== DATASET RECORDS ==

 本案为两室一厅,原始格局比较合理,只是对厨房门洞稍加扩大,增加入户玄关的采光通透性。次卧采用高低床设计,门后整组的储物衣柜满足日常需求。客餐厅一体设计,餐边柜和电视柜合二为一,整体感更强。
--
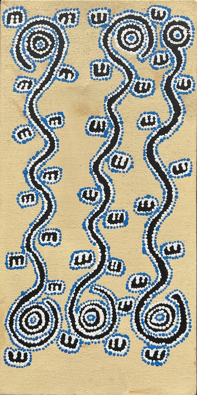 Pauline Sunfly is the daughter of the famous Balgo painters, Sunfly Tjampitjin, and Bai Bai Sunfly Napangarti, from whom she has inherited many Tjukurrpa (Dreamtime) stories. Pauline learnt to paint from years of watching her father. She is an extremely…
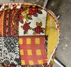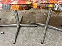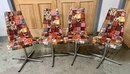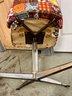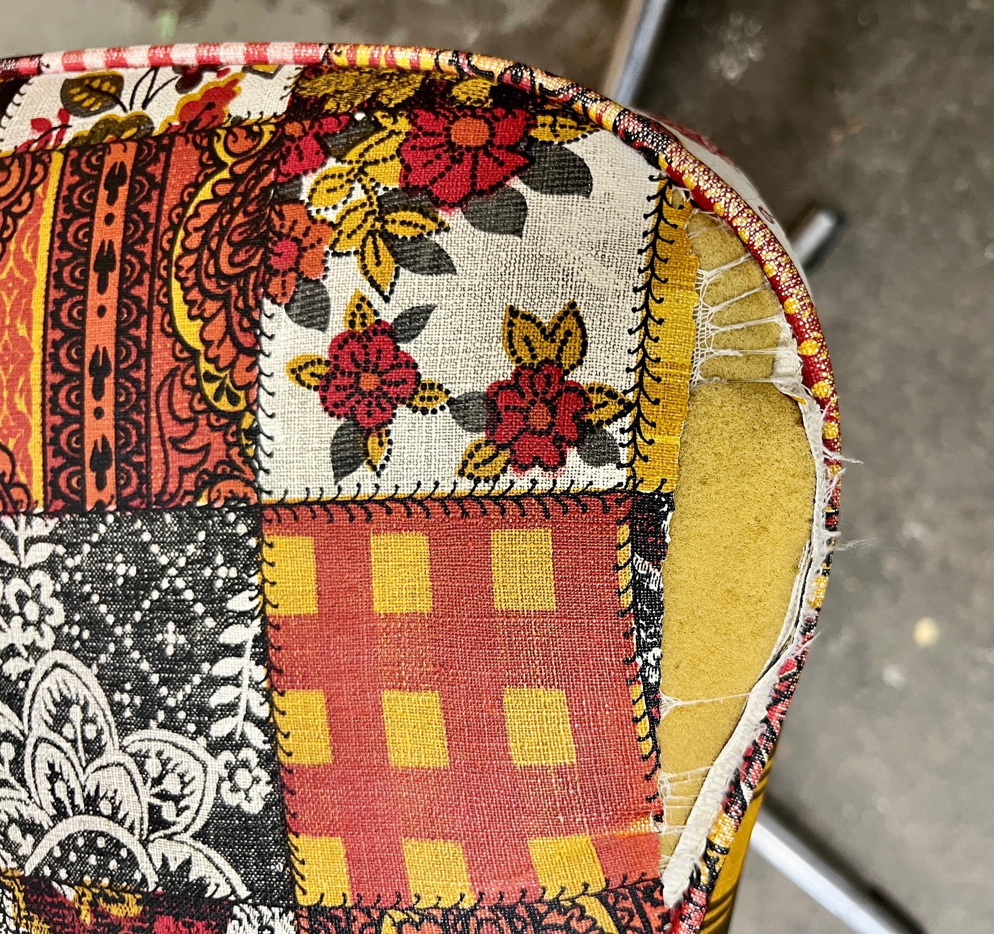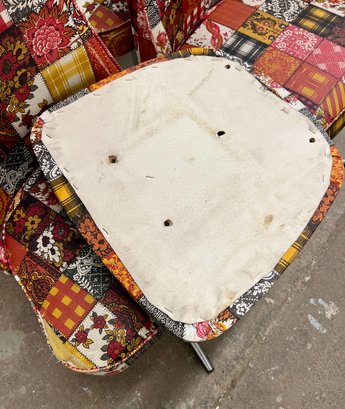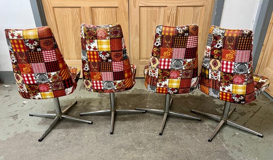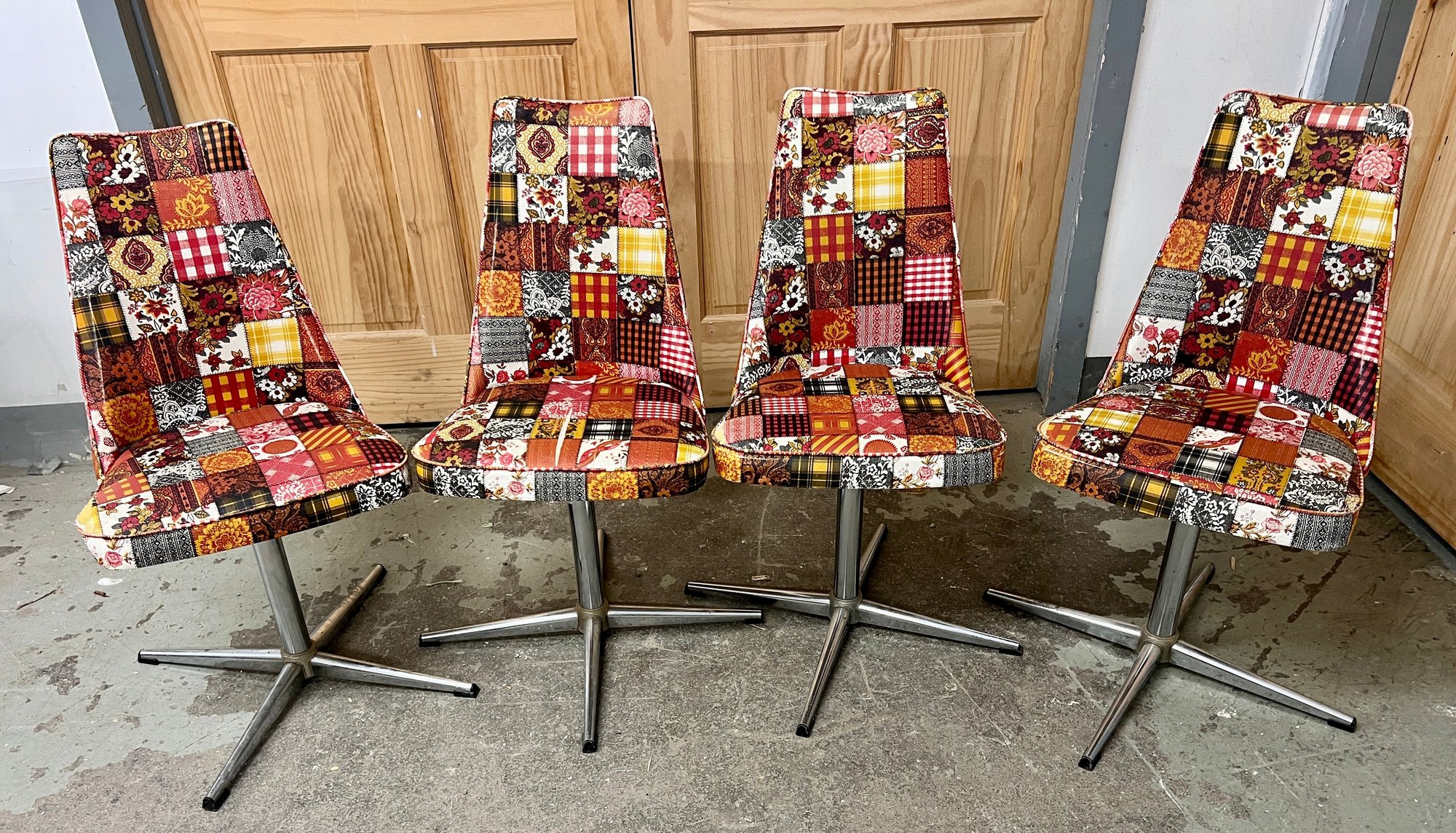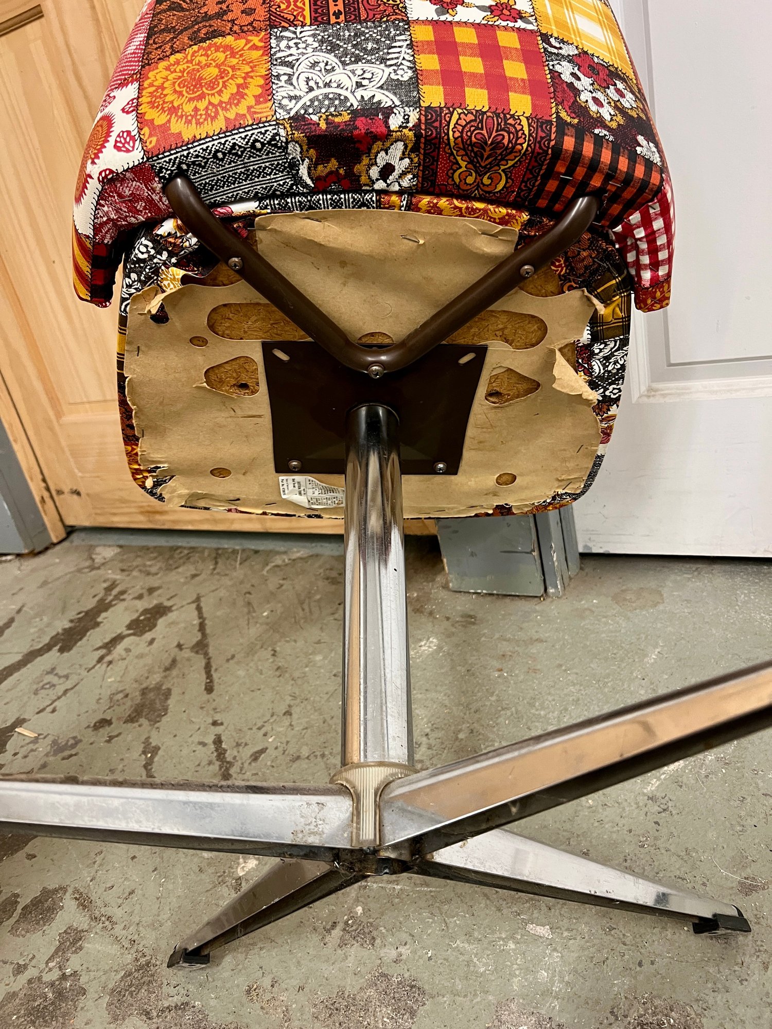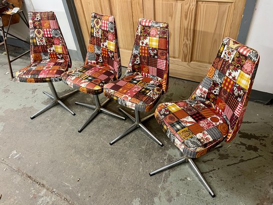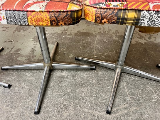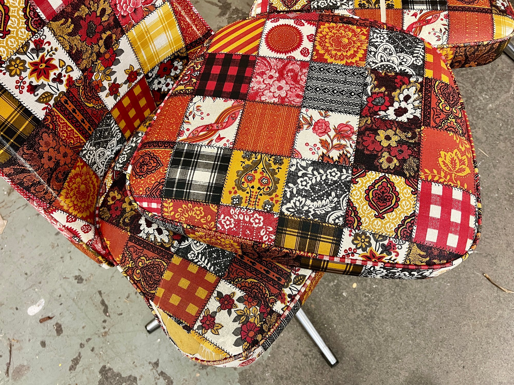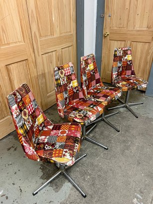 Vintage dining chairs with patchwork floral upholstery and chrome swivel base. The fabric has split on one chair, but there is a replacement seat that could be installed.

== ACTIVITY ==
Only the lines between the one with "Pauline Sunfly is" and the one with "Vintage dining chairs", those two included, get copied from the material above. Keep it exact and free of pictures.

== RESPONSE AREA ==
 Pauline Sunfly is the daughter of the famous Balgo painters, Sunfly Tjampitjin, and Bai Bai Sunfly Napangarti, from whom she has inherited many Tjukurrpa (Dreamtime) stories. Pauline learnt to paint from years of watching her father. She is an extremely…
 Vintage dining chairs with patchwork floral upholstery and chrome swivel base. The fabric has split on one chair, but there is a replacement seat that could be installed.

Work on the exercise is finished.